Union of structs with only bit fields, sizeof function doubling bytes, C

Question

For some reason that i cant quite figure out my union of just structs containing bit fields is setting up twice as many bytes as is are necessary for any single struct.

#include <stdio.h>
#include <stdlib.h>

union instructionSet {
    struct Brane{
        unsigned int opcode: 4;
        unsigned int address: 12;
    } brane;
    struct Cmp{
        unsigned int opcode: 4;
        unsigned int blank: 1;
        unsigned int rsvd: 3;
        unsigned char letter: 8;
    } cmp;
    struct {
        unsigned int rsvd: 16;
    } reserved;
};

int main() {

    union instructionSet IR;// = (union instructionSet*)calloc(1, 2);

    printf("size of union %ld\n", sizeof(union instructionSet));
    printf("size of reserved %ld\n", sizeof(IR.reserved));
    printf("size of brane %ld\n", sizeof(IR.brane));
    printf("size of brane %ld\n", sizeof(IR.cmp));


    return 0;
}

All of the calls to sizeof return 4 however to my knowledge they should be returning 2.

Answer 1

Read about memory structure padding / memory alignment. By default 32bit processor read from memory by 32bit (4bytes) because is faster. So in memory char + uint32 will be write on 4 + 4 = 8 bytes (1byte - char, 3bytes space, 4bytes uint32).

Add those lines on begin and end of your program and will be result 2.

#pragma pack(1)

#pragma unpack

This is way to say to the compiler: align memory to 1 byte (by default 4 on 32bit processor).

PS: try this example with different #pragma pack set:

struct s1 
{
    char a;
    char b;
    int c;
};

struct s2
{    
    char b;
    int c;
    char a;
};

int main() {
    printf("size of s1 %ld\n", sizeof(struct s1));
    printf("size of s2 %ld\n", sizeof(struct s2));

    return 0;
}

Answer 2

It isn't specified what this code will do and it isn't meaningful to reason about it without a specific system and compiler in mind.
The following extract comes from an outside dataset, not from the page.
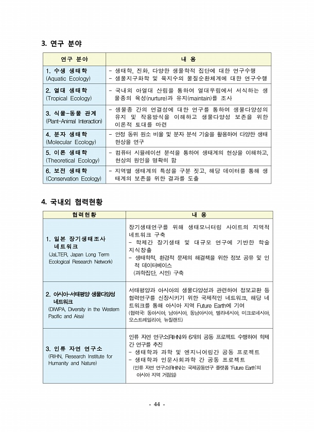 44 3. 연구 분야 연구 분야 내 용 1. 수생 생태학 Aquatic Ecology 생태학, 진화, 다양한 생물학적 집단에 대한 연구수행 생물지구화학 및 육지수의 물질순환체계에 대한 연구수행 2. 열대 생태학 Tropical Ecology 국내외 아열대 산림을 통하여 열대우림에서 서식하는 생 물종의 육성 nurture 과 유지 maintain 를 조사 3. 식물-동물 관계 Plant-Animal Interaction 생물종 간의 연결성에 대한 연구를 통하여 생물다양성의 유지 및 작용방식을 이해하고 생물다양성 보존을 위한 이론적 토대를 마련 4. 분자 생태학 Molecular Ecology 안정 동위 원소 비율 및 분자 분석 기술을 활용하여 다양한 생태 현상을 연구 5. 이론 생태학 Theoretical E...

Bit-fields are simply too poorly specified in the standard to be reliably used for things like memory layouts.

union instructionSet {

    /* any number of padding bits may be inserted here */ 

    /* we don't know if what will follow is MSB or LSB */

    struct Brane{
        unsigned int opcode: 4; 
        unsigned int address: 12;
    } brane;
    struct Cmp{
        unsigned int opcode: 4;
        unsigned int blank: 1;
        unsigned int rsvd: 3;
        /* anything can happen here, "letter" can merge with the previous 
           storage unit or get placed in a new storage unit */
        unsigned char letter: 8; // unsigned char does not need to be supported
    } cmp;
    struct {
        unsigned int rsvd: 16;
    } reserved;

    /* any number of padding bits may be inserted here */ 
};

The standard lets the compiler pick a "storage unit" for any bit-field type, which can be of any size. The standard simply states:

An implementation may allocate any addressable storage unit large enough to hold a bitfield.

Things we can't know:

• How large the bitfields of type unsigned int are. 32 bits might make sense but no guarantee.
• If unsigned char is allowed for bit-fields.
• How large the bitfields of type unsigned char are. Could be any size from 8 to 32.
• What will happen if the compiler picked a smaller storage unit than the expected 32 bits, and the bits doesn't fit inside it.
• What happens if an unsigned int bit-field meets an unsigned char bit-field.
• If there will be padding in the end of the union or in the beginning (alignment).
• How individual storage units within the structs are aligned.
• The location of the MSB.

Things we can know:

• We have created some sort of binary blob in memory.
• The first byte of the blob resides on the least significant address in memory. It may contain data or padding.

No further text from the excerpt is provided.